We compared the performance of the NVSHMEM IBGDA transport with the NVSHMEM IBRC transport, which uses a proxy thread to manage communication. Both transports are part of the standard NVSHMEM distribution. All benchmarks and the case study were run on four DGX-A100 servers connected through NVIDIA ConnectX-6 200 Gb/s InfiniBand networking and an NVIDIA Quantum HDR switch.
To highlight the effect of IBGDA, we disabled communication through NVLink. This forces all transfers to be performed through the InfiniBand network even when PEs are located on the same node.
We first ran the
shmem_put_bw benchmark, which is included in the NVSHMEM performance test suite and uses
nvshmem_double_put_nbi_block to issue data transfers. This test measures the bandwidth achieved when using one-sided write operations to transfer a fixed amount of total data over a range of communication parameters.
For internode transfers, this operation uses one thread in the thread block when performing network communication, regardless of how many threads are in the thread block. This is known and also referred to as a cooperative thread array (CTA). Two PEs were launched on different DGX-A100 nodes. This was set with one thread per thread block and one QP (NIC queue pair, containing the WQ and CQ) per thread block.
Figures 3 and 4 show the bandwidth of
shmem_put_bw with IBRC and IBGDA at various numbers of CTAs and message sizes. As shown, for coarse-grain communication with large messages, both IBGDA and IBRC can reach peak bandwidth. IBRC can saturate the network with messages as small as 16 KiB when the application issues communication from at least four CTAs.

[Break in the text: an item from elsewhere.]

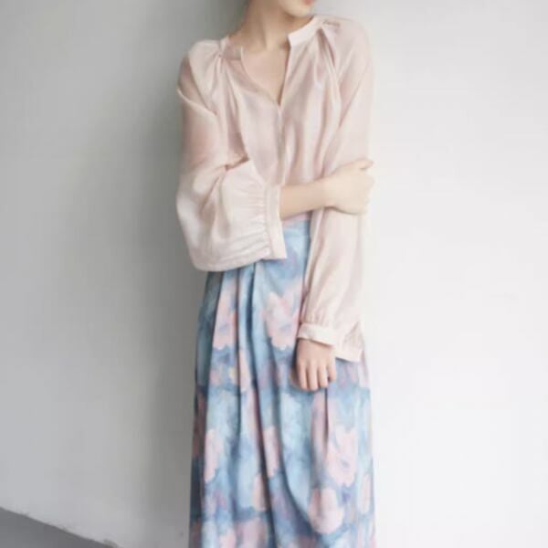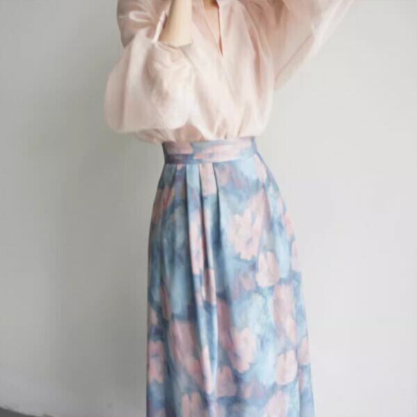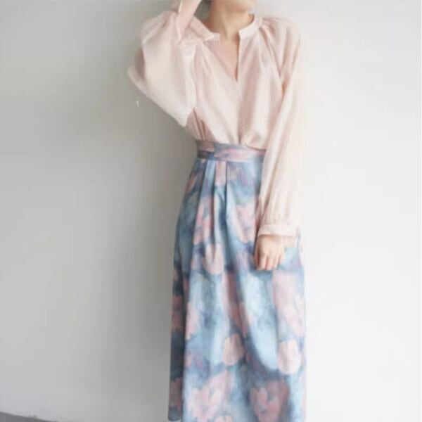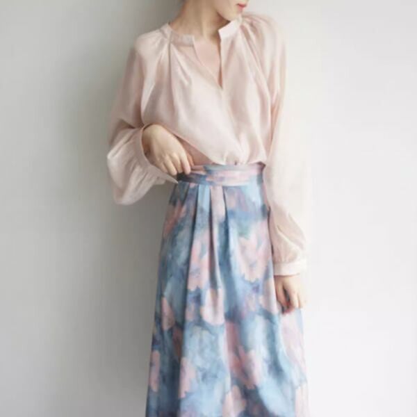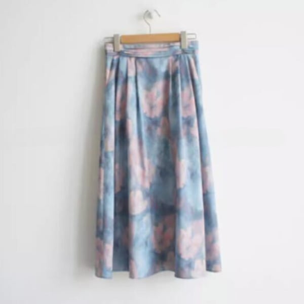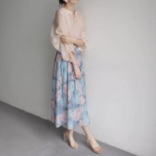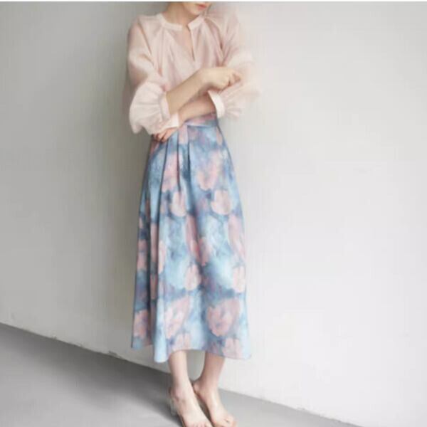淡い色合いで繊細なデザインが特徴的なスカートです。

Increasing the number of CTAs further does not reduce the minimum message size at which we observed peak bandwidth. The bottleneck limiting bandwidth for smaller messages is in the CPU Proxy thread. Although not shown here, we also tried increasing the number of CPU proxy threads and observed similar behavior.

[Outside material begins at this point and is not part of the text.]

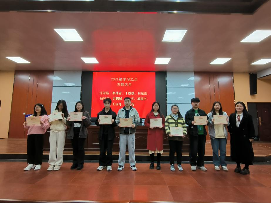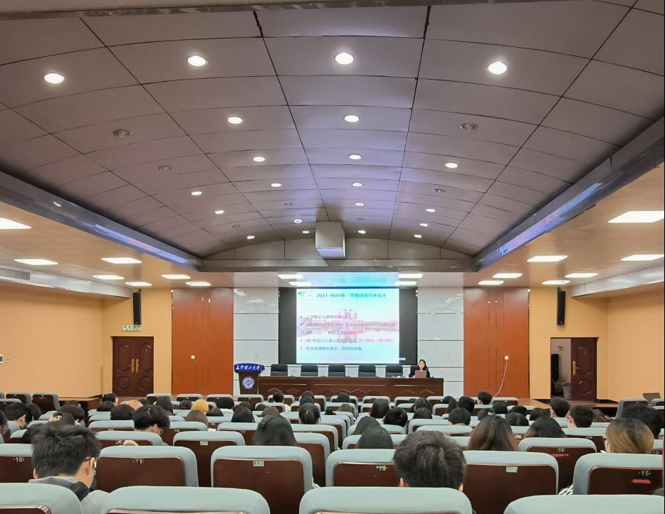 首先,曾宇欣从年级总体成绩情况、专业课程和四六级通过率等方面切入,深入开展学情分析,并对上一学期的学业标兵和进步典型作表扬。

By removing the proxy bottleneck, IBGDA achieved the peak bandwidth with messages as small as 2 KiB when 64 CTAs issue communication. This result highlights IBGDA’s ability to support a higher level of communication parallelism and the resulting performance improvement.

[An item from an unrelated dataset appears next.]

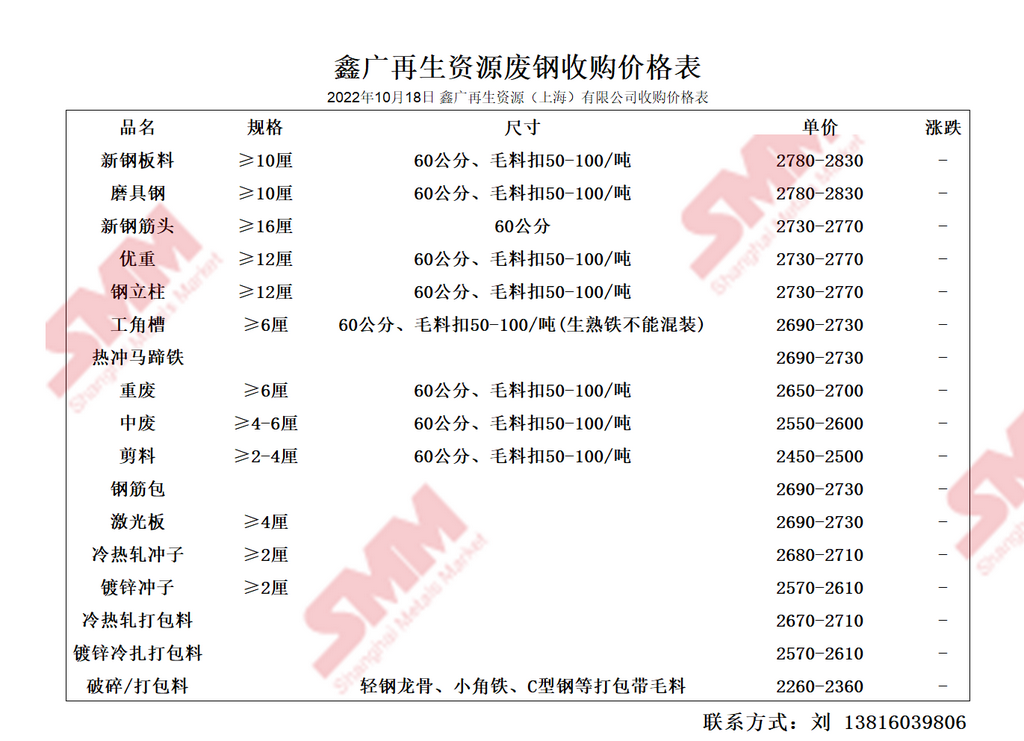 今日 鑫广再生资源(上海)有限公司 废钢收购报价已更新,有货的朋友欢迎联系我们!

For IBRC and IBGDA, only one thread in each CTA participates in the network operations. In other words, only 64 threads (not 1,024×64 threads) are required to achieve peak bandwidth at 2 KiB message size.
It is also shown that IBGDA bandwidth continues to scale with the number of CTAs performing communication, whereas the IBRC proxy reaches its scaling limit at four CTAs. As a result, IBGDA provides up to 9.5x higher throughput for NVSHMEM block-put operations with message sizes less than 1 KiB.
shmem_p_bw benchmark uses the scalar
nvshmem_double_p operation to send data directly from a GPU register to the remote PE. This operation is thread-scoped, which means that each thread that calls this operation transfers an 8-byte data word.
In the following experiment, we launched 1,024 threads per CTA and increased the number of CTAs while keeping the number of QPs equal to the number of CTAs.
On the other hand, the put rate of IBGDA could reach up to 180 MOPS, approaching the peak NIC message rate limit at 215 MOPS. The graph also shows that IBGDA could reach almost 2000 MOPS if the coalescing conditions are satisfied.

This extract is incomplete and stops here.